Collected material:

■ ■ ■ ■ ■ ■ ■

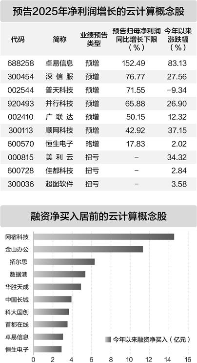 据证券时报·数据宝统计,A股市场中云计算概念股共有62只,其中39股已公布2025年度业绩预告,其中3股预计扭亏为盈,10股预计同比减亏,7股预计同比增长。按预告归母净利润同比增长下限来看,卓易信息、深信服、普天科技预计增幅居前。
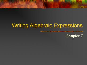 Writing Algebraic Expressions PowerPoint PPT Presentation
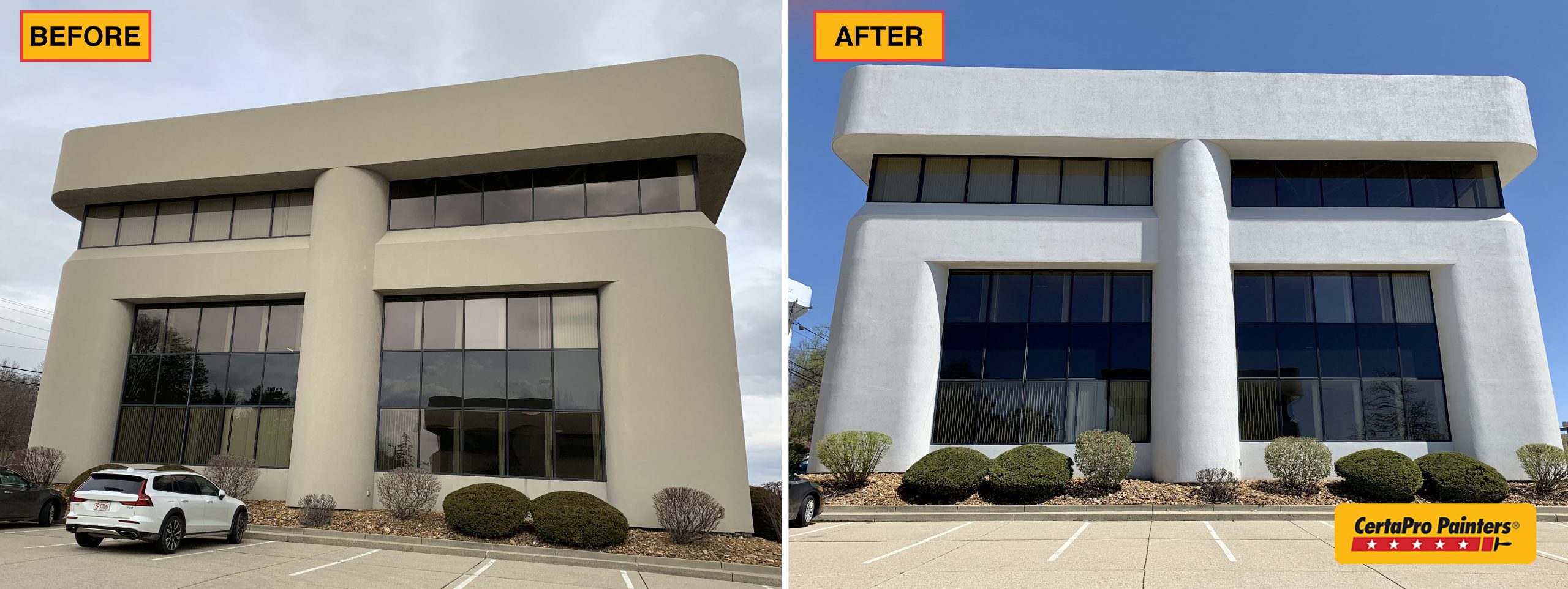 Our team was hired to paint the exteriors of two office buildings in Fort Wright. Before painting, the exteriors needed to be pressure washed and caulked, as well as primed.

■ ■ ■ ■ ■ ■ ■

Exercise description: Send back the listing exactly as it stands. Do not include the pictures.

The answer:
 据证券时报·数据宝统计,A股市场中云计算概念股共有62只,其中39股已公布2025年度业绩预告,其中3股预计扭亏为盈,10股预计同比减亏,7股预计同比增长。按预告归母净利润同比增长下限来看,卓易信息、深信服、普天科技预计增幅居前。
 Writing Algebraic Expressions PowerPoint PPT Presentation
 Our team was hired to paint the exteriors of two office buildings in Fort Wright. Before painting, the exteriors needed to be pressure washed and caulked, as well as primed.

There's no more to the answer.